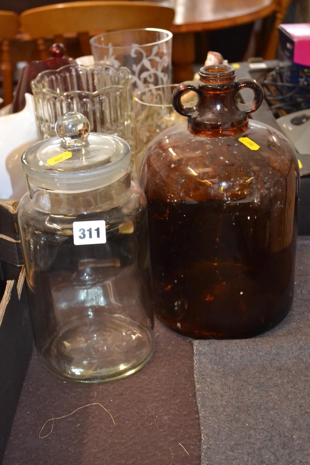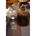 GLASS SHOP SWEET JAR AND BROWN DEMI-JOHN
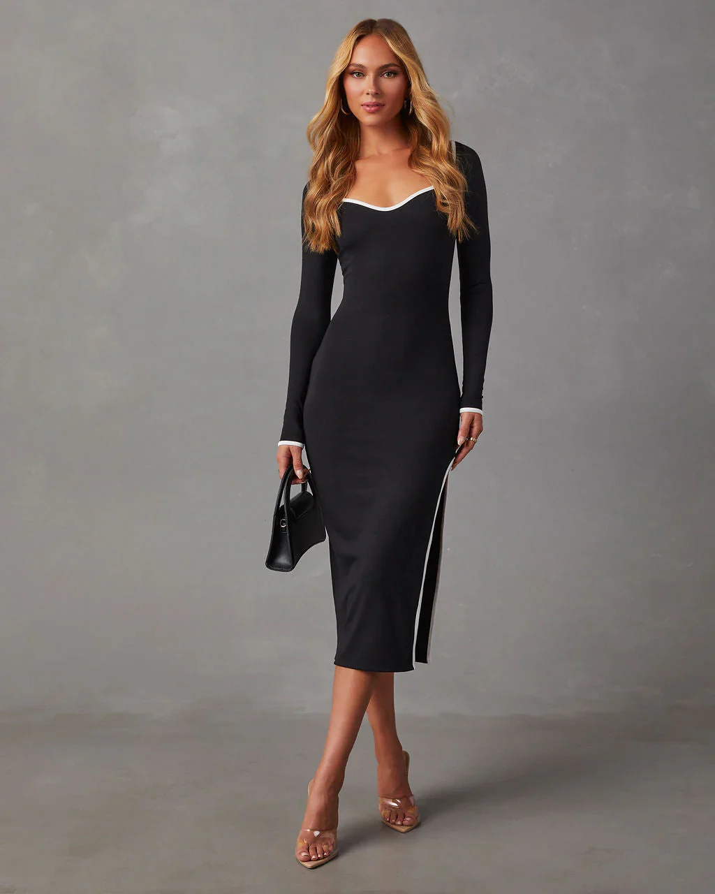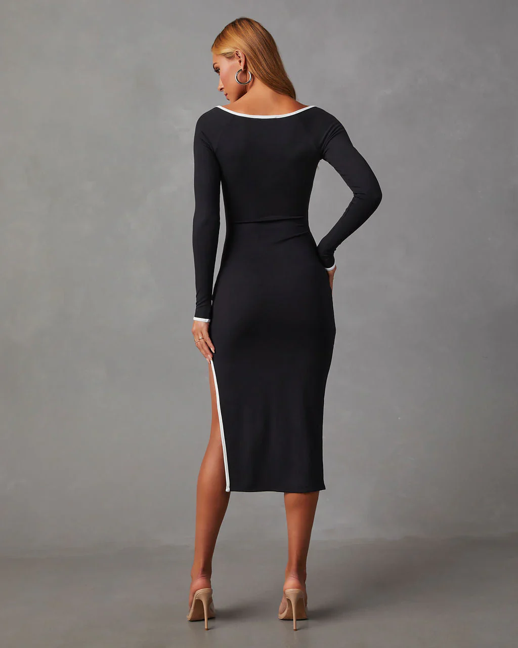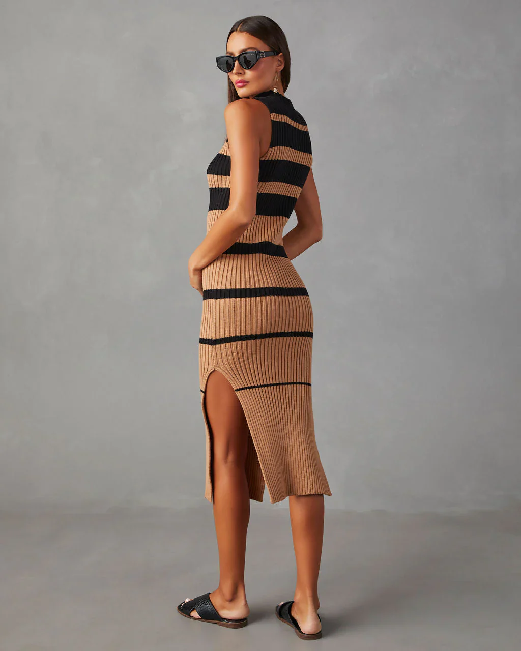 Constancia Ribbed Slit Midi Dress
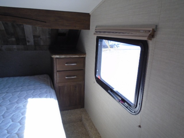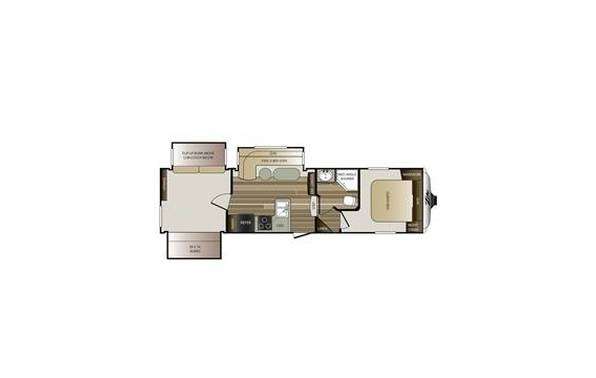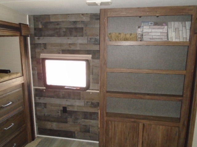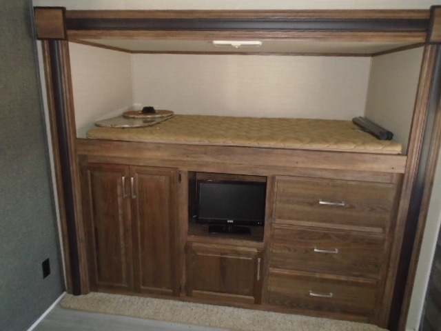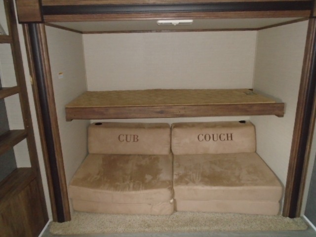 This bunkhouse fifth wheel camper is perfect for the larger family. Quad bunks in the rear. It features
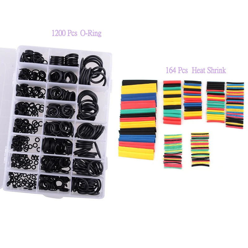 1200 шт уплотнение NBR уплотнительное кольцо шайба нитрил-резиновое изделие комплект уплотнительных колец, 164 шт термоусадочная трубка изоляция кабеля обмотка полиолефина

WHAT THIS TASK INVOLVES: Please retype all of the material exactly, skipping whatever images it holds.

EXERCISE RESPONSE:
 GLASS SHOP SWEET JAR AND BROWN DEMI-JOHN
 Constancia Ribbed Slit Midi Dress
 This bunkhouse fifth wheel camper is perfect for the larger family. Quad bunks in the rear. It features
 1200 шт уплотнение NBR уплотнительное кольцо шайба нитрил-резиновое изделие комплект уплотнительных колец, 164 шт термоусадочная трубка изоляция кабеля обмотка полиолефина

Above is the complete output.